Page kicked it off with comments in a recent Bloomberg interview:
I think the Android differences were actually for show. [...] I think that served their interests. For a lot of companies, it’s useful for them to feel like they have an obvious competitor and to rally around that. I personally believe that it’s better to shoot higher. You don’t want to be looking at your competitors. You want to be looking at what’s possible and how to make the world better.
Using an "enemy" as a way to focus and motivate your troops is an age-old strategy, and it works. Of course, Android had to be looking at its competitors to shift from a BlackBerry and Windows Mobile Standard-style device to an iPhone-style device shortly after January 2007. But Isaacson cries foul on the spin as a whole. Speaking at the Royal Institution, Isaacson said it was a repeat of Microsoft and the Mac UI all over again. And it wasn't just the copying of ideas but the "promiscuous" licensing of those copied ideas to others.
[The Microsoft Windows situation was] almost copied verbatim by Android. And then they licence it around promiscuously. And then Android starts surpassing Apple in market share, and this totally infuriated him. It wasn't a matter of money. He said: 'You can't pay me off, I'm here to destroy you'.
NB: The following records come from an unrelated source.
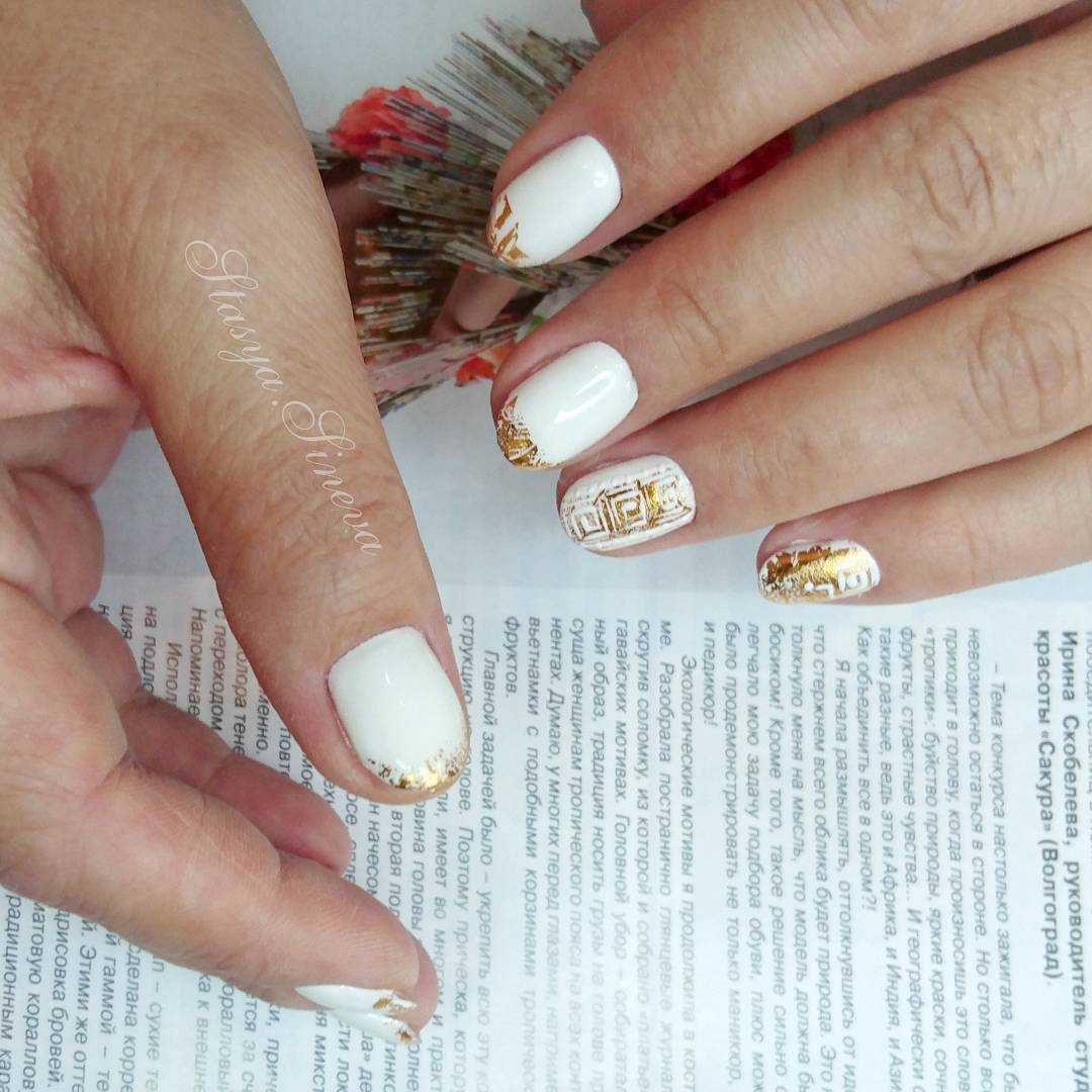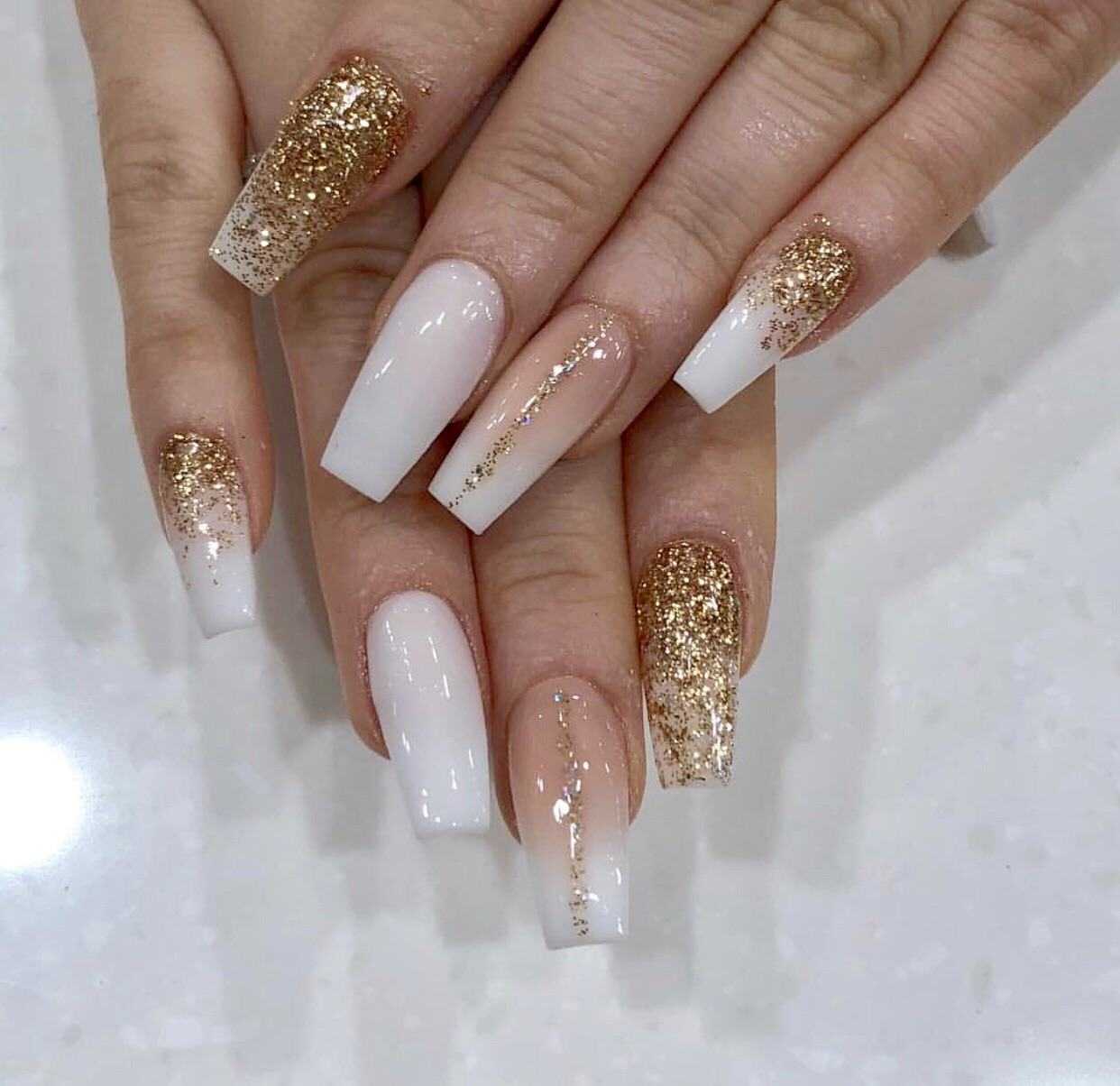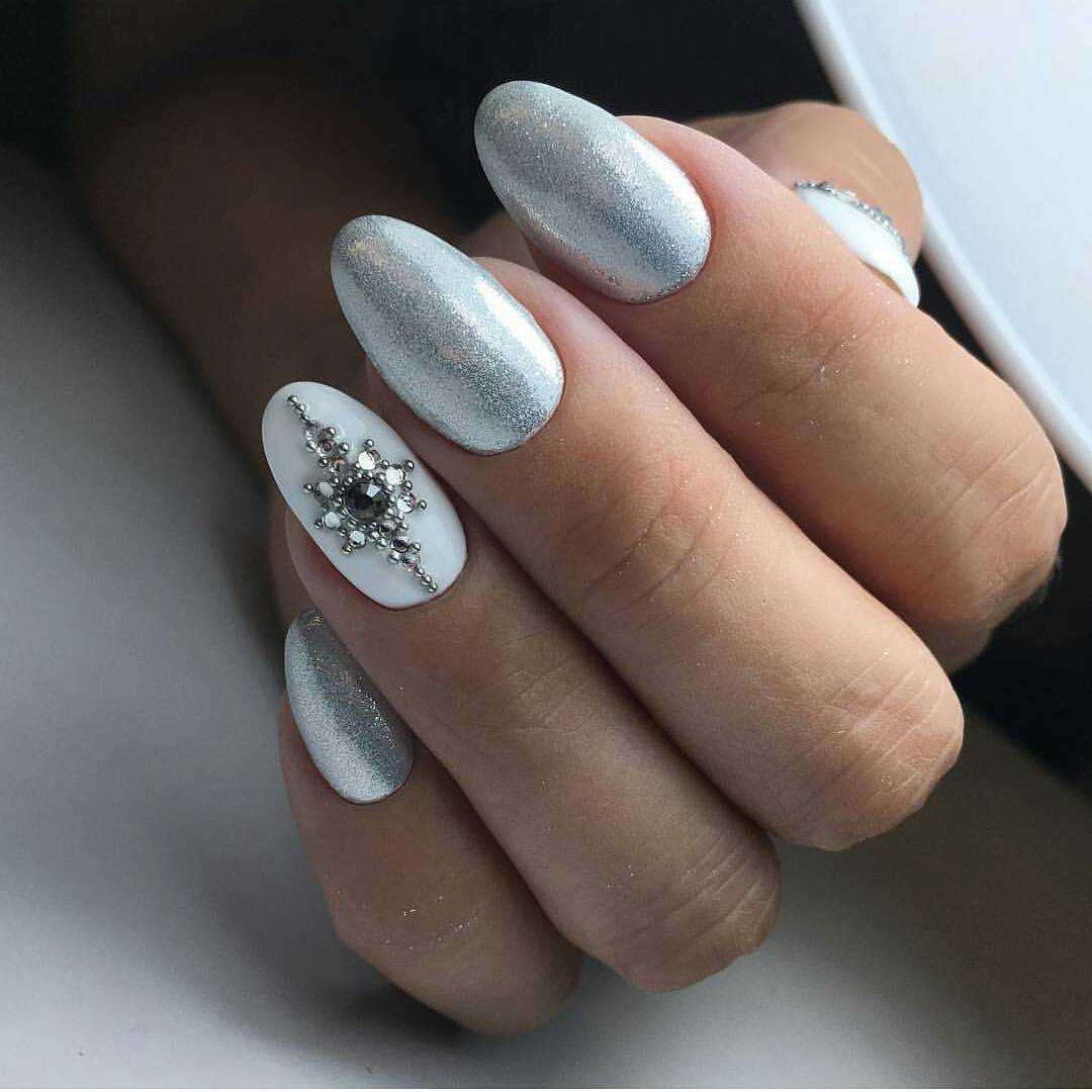 Этот популярный, стильный и красивый прием никогда не утратит своей популярности в сфере нейл-арт индустрии. Известные и модные тенденции делятся на два типа – эффект градиента белого цвета с плавным переходом в блестки, а также растягивание сверкающих блесток на ногтевой пластине, покрытой белым тоном. При этом в любом из вариантов можно использовать блестки разного цвета и формы. Омбре, выполненное при использовании блесток, очень хорошо сочетается с отдельными длинными и острыми ноготками, покрытыми полностью сверкающим декором.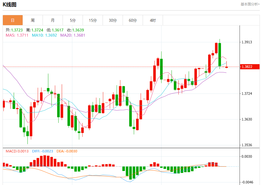 截至目前,美元/加元下跌0.01%,报1.3824。
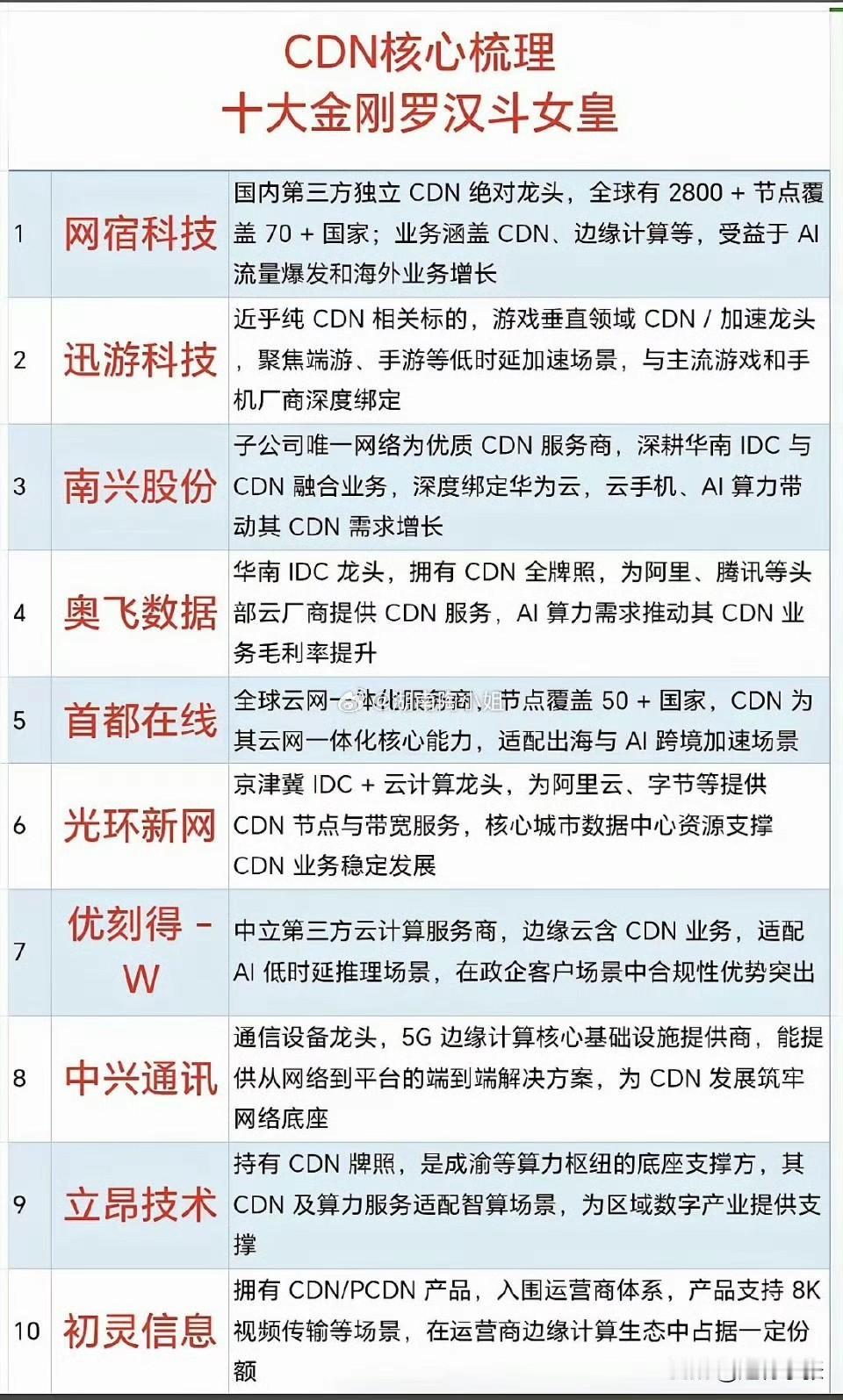CDN 概念(Content Delivery Network,内容分发网络)。 深挖CDN赛道的“十大金刚”!随着AI大模型和8K视频的爆发式增长,对内容分发和低时延的需求正成为新基建的关键战场。 这份名单梳理了网宿科技、迅游科技等核心企业,从第三方龙头到垂直领域专家,从出海服务到算力底座,每一家都在各自的领域里卡位布局。 无论是游戏加速、AI算力支撑,还是运营商生态,这些公司正借势CDN和边缘计算的东风,成为数字经济高速路上的隐形基建。 关注这条主线,抓住AI浪潮下的硬核投资机会!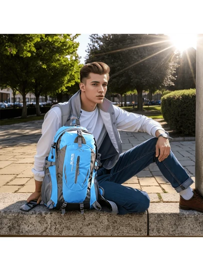 1pc New Travel Backpack, Leisure Sports Backpack, Outdoor Mountaineering Bag, Waterproof Nylon Multi-functional Large-capacity Backpack, Sports Style, Suitable For Men And Women, Mountaineering, Hiking, Sports And Fitness, Daily Use (with Waist Protector) - Blue - View 1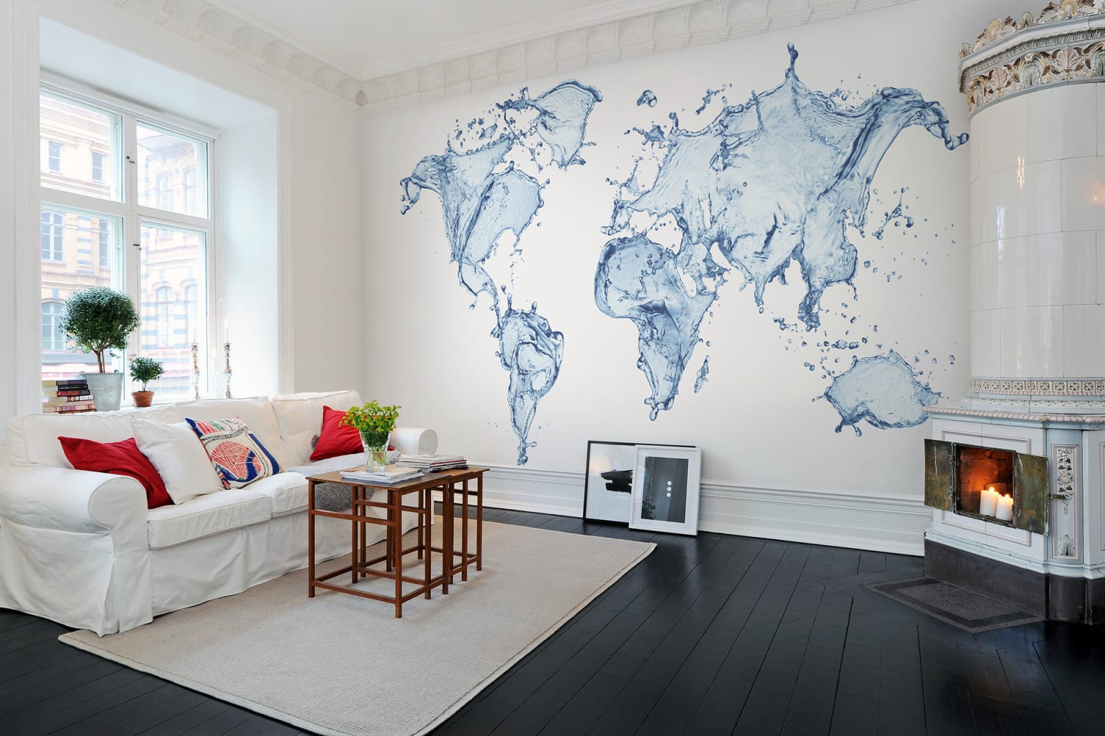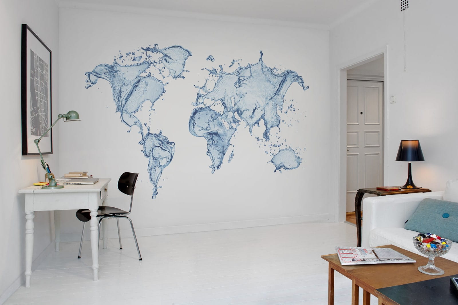 Mural Rebel Walls Panorama R11721 Water World to unikalna dekoracja przedstawiająca kontynenty wypełnione niebieską wodą. To niesamowicie świeża, orzeźwiająca i mokra mapa świata. Mural Rebel Walls Panorama R11721 Water World to wspaniałe rozwiązanie wprost do minimalistycznych, art-deco, klasycznych, vintage czy nowoczesnych aranżacji. Będzie imponującym tłem dla lustra w łazience, łóżka sypialni czy komody w salonie, jednocześnie zdobiąc akcentową ścianę tego pomieszczenia.

Jobs previous quote read, in part:
I will spend my last dying breath if I need to, and I will spend every penny of Apple’s $40 billion in the bank, to right this wrong. I’m going to destroy Android, because it’s a stolen product. I’m willing to go thermonuclear war on this.
Steve Jobs passed away last year so can't set the record straight, if indeed the record on something like this even needs to be set straight. Tim Cook runs Apple now, so he and his board and his executive team now determine Apple's response to Google and Android. (Hint: He's often said he's in favor of competition, but prefers them to come at Apple with their own innovations.)
It is interesting to hear Page's account, however. If nothing else, it shows what the person currently running Google wants us to think, and maybe that means a better relationship could once again be possible?